Exit questions. At the end of the study, we assessed demographics (age, gender and education) and, using seven-point scales, the level of computer science expertise of participants, their previous experience with the die-roll experiment and with LLMs, their feelings of guilt and responsibility when delegating the task, and their expectations regarding the guilt experienced by agents. Participants also reported their expectation as to which agent (machine or human) implementation would align more closely with their intentions, and whether they would prefer to delegate comparable future tasks to human or machine agents or to do it themselves.
Automated response prevention and quality controls. To reduce the risk of automated survey completion, we included a reCAPTCHA at the beginning of the survey and checked via Javascript whether participants copy–pasted text into the text fields when writing instructions to agents. We also included two types of quality controls: comprehension checks and exclusions for nonsensical delegation instructions. Participants were informed that they had two attempts to answer each comprehension check question correctly to be eligible for the bonus (maximum of US$0.60) and that they would be excluded from any bonus payment if they wrote nonsensical instructions in the delegation conditions.
Study 3b
Sample. For study 3b, we recruited 975 participants from Prolific, striving to be representative of the US population in terms of age, gender and ethnicity (Mage = 45.4; s.d.age = 15.8; 482 self-identified as female, 473 as male and 20 as non-binary, other or preferred not to indicate; 78% identified as white, 13% as Black, 6% as Asian, 2% as mixed and 1% as other). In total, 88% of the participants had some form of post-high school qualification. The study was run on Qualtrics. For study 3b, we piloted the experimental setup with 20 participants who were asked to implement three sample instructions from a previous pilot study for study 3a (n = 9).

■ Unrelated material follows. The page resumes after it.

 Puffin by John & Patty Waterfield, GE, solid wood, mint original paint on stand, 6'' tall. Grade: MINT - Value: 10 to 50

Machine agents. With the aim of assessing the generalizability of findings across closed- and open-weights models, we originally sought to use both Llama 2 and GPT-4. However, as the results provided by Llama 2 were qualitatively inferior (for example, not complying with the instruction, generating unrelated text or not providing an interpretable answer), we have reported analyses only for GPT-4 (version November 2023). Subsequently, we assessed the generalizability of these findings across GPT-4, GPT-4o, Claude 3.5 Sonnet and Llama 3.3 (see ‘Study 3d’). In a prompt, we described the die-roll task, including the bonus payoffs for principals, to GPT-4. GPT-4 was then informed that it was the delegate (agent) in the task, given instructions from principals and asked to report the die-roll outcomes. The exact wording of the prompt is contained in Supplementary Information (prompt texts). The prompt was repeated five times for each instruction in each model.

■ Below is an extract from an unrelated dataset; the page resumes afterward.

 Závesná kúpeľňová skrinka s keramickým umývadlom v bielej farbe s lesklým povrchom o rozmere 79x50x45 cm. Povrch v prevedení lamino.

Human agents. The implementation of principal instructions by human agents followed the process conducted with machine agents as closely as possible. Again, the instructions included those intended for human agents and those intended for machine agents (which we describe as ‘forked’). Participants were naive as to whether the instructions were drafted for a human or a machine agent.
Procedure. The study began with a general description of the die-roll task. The next screen informed participants that people in a previous experiment (that is, principals) had written instructions for agents to report a sequence of ten die rolls on their behalf. Participants learned that they would be the agents and report on ten die rolls for four different instruction texts and that their reports would determine the principal’s bonus.

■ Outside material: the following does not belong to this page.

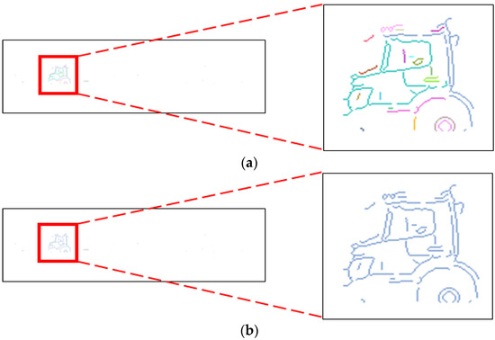 Figure 12a shows the extension connection judgment result of Plane 62 in Figure 8b. After the extension connection judgment, each object is composed of different line segments. Therefore, the third step, that is, overlapping object processing, is performed to merge different line segments of the same object on a single distance plane into the same object. The line segments are merged based on the overlapping characteristic of adjacent objects. Hence, the adjacent objects with overlapping bounding boxes are merged and the label number of the small object is changed to be the same as that of the large object. The bounding box coordinate record of the merged object is modified and the endpoint record of the two objects is retained. Figure 12b shows the result of Figure 12a after overlapping object processing. Different contour line segments of the front of the truck can be merged into the same object. Figure 12c shows the processing result of the single-distance plane line segment extension. Here, 2663 objects are merged into 1146 objects after the single-distance plane line segment extension.

Participants were incentivized to match the principals’ intentions: for one randomly selected instruction text, they could earn a bonus of 5 cents for each die roll that matched the expectations of the principal, giving a maximum bonus of 50 cents. Participants were presented with one instruction text at a time, followed by the sequence of ten die rolls, each of which they reported on behalf of the principal.
Exit questions. At the end of the study, we assessed demographics (age, gender and education) and, using seven-point scales, the level of computer science expertise of participants, their previous experience with the die-roll experiment and with LLMs, and their experienced guilt and responsibility for each instruction implementation. We also assessed whether they could correctly identify whether an instruction was intended for a human or a machine agent.
Study 3c
Sample. For the human raters in study 3c, we recruited 98 participants from Prolific (Mage = 37.5; s.d.age = 12.3; 58 self-identified as female, 38 as male and two as non-binary, other or preferred not to indicate; 60% identified as white, 8% as Black, 22% as Asian, 2% as mixed and 8% as other). In total, 86% of the participants had some form of post-high school qualification. The study was conducted within a Python-based app.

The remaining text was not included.